Source records:
┌──

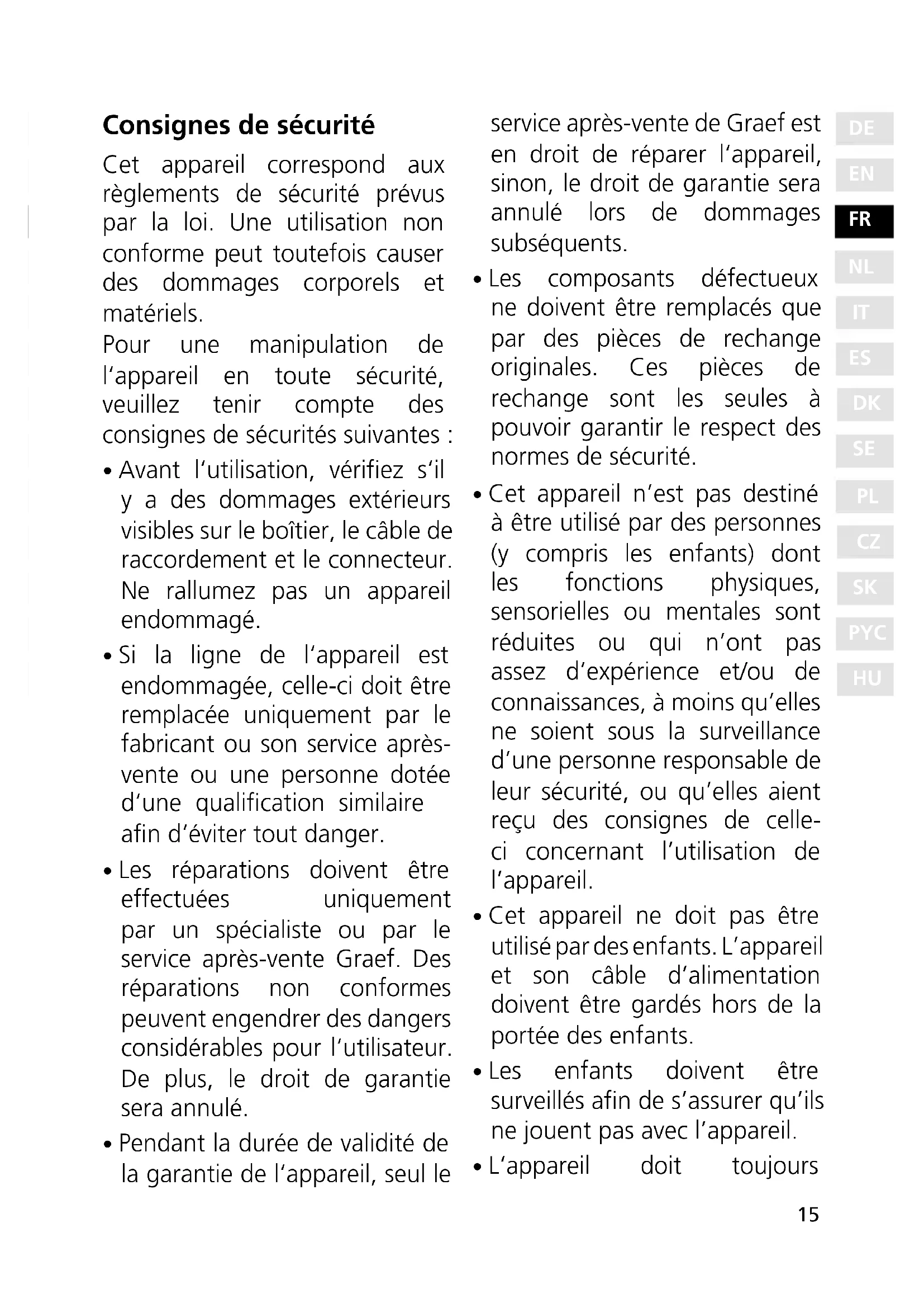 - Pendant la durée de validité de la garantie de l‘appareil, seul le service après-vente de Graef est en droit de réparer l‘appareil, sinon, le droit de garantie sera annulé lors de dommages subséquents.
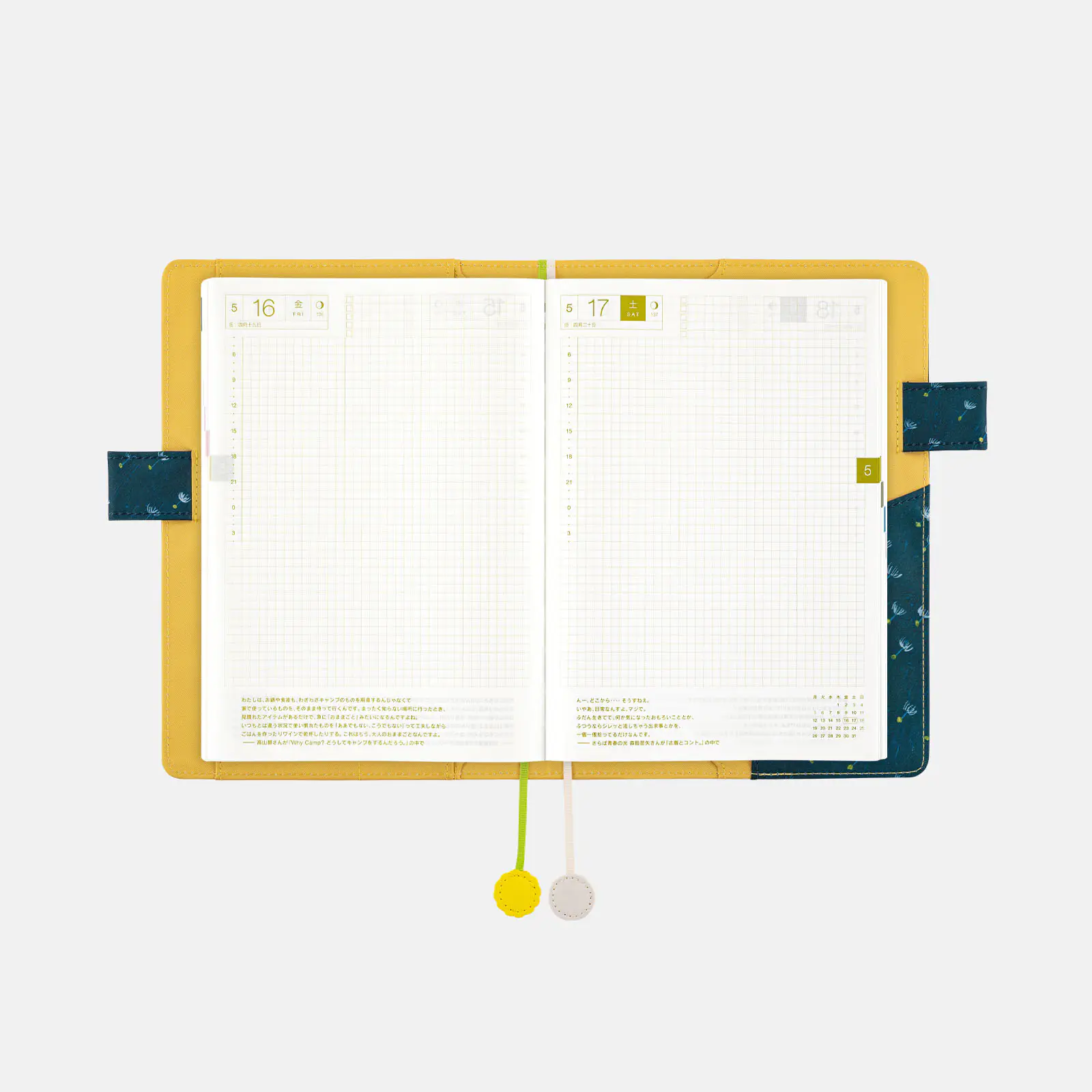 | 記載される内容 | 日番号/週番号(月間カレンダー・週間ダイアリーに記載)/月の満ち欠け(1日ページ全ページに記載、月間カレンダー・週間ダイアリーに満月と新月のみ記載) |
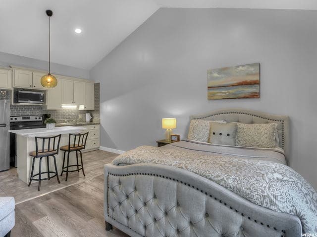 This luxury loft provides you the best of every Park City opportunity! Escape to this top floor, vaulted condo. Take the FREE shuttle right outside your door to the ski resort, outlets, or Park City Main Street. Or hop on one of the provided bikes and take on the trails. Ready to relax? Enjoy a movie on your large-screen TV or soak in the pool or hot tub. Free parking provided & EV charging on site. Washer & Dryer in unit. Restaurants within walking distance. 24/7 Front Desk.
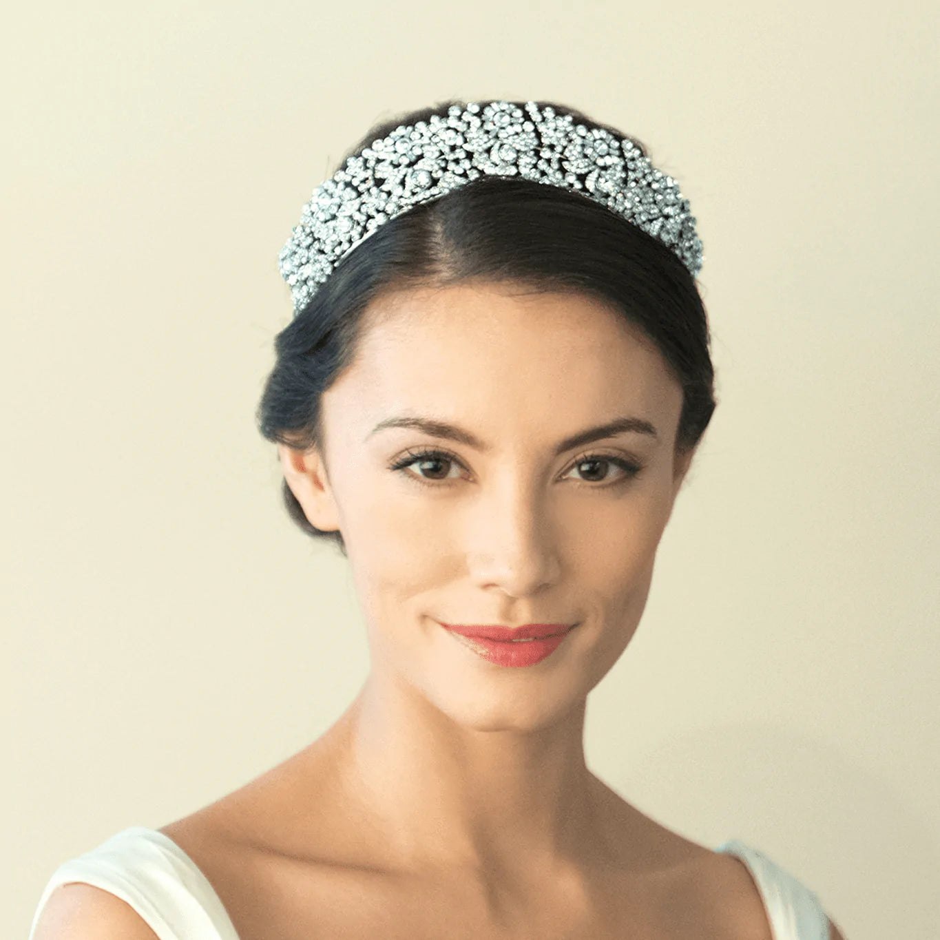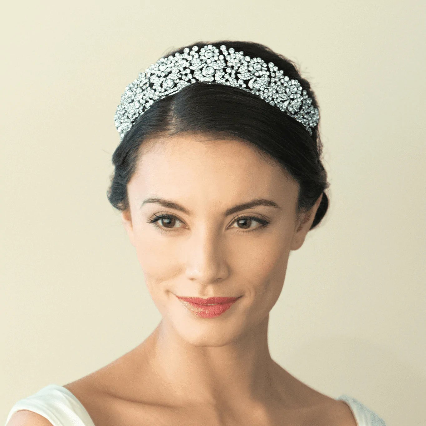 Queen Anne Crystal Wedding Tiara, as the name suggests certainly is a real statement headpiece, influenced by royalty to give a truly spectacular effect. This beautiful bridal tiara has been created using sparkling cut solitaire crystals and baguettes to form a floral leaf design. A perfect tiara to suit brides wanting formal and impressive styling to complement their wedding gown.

└──
┌──

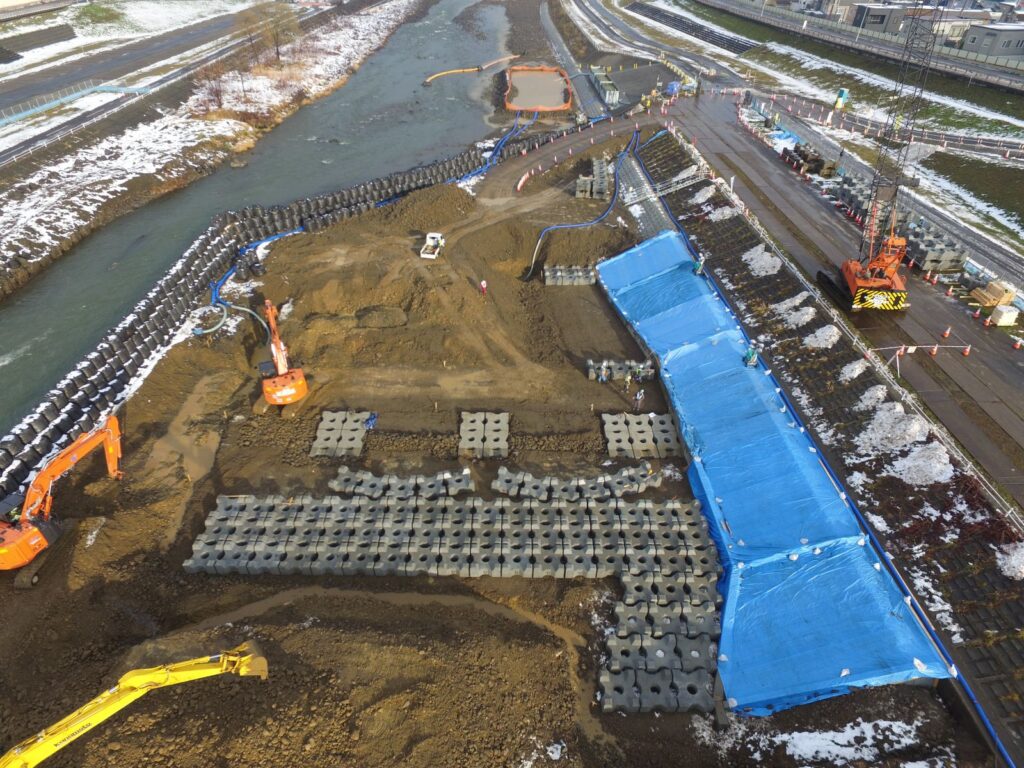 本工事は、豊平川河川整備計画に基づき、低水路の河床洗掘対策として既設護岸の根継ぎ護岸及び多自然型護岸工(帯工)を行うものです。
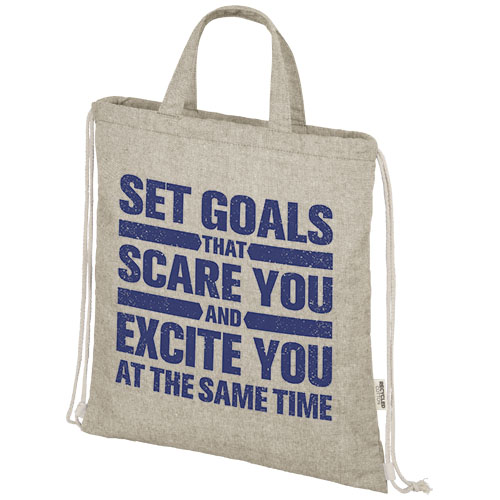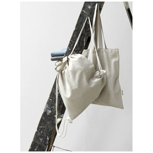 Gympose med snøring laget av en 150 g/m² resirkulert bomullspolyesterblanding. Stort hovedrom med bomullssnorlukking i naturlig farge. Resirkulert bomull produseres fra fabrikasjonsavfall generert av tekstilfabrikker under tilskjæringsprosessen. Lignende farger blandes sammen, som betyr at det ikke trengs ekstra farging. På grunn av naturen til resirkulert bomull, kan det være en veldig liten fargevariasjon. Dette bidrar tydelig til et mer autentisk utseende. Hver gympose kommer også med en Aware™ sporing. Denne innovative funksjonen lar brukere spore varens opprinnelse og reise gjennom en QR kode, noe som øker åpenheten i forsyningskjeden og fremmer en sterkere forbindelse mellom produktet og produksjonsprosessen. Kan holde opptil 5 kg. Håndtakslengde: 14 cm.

└──

Only the lines above starting with the line with "This luxury loft" and going on through the line with "Queen Anne Crystal" belong in the answer; repeat them exactly, minus any picture.

Written response:
 This luxury loft provides you the best of every Park City opportunity! Escape to this top floor, vaulted condo. Take the FREE shuttle right outside your door to the ski resort, outlets, or Park City Main Street. Or hop on one of the provided bikes and take on the trails. Ready to relax? Enjoy a movie on your large-screen TV or soak in the pool or hot tub. Free parking provided & EV charging on site. Washer & Dryer in unit. Restaurants within walking distance. 24/7 Front Desk.
 Queen Anne Crystal Wedding Tiara, as the name suggests certainly is a real statement headpiece, influenced by royalty to give a truly spectacular effect. This beautiful bridal tiara has been created using sparkling cut solitaire crystals and baguettes to form a floral leaf design. A perfect tiara to suit brides wanting formal and impressive styling to complement their wedding gown.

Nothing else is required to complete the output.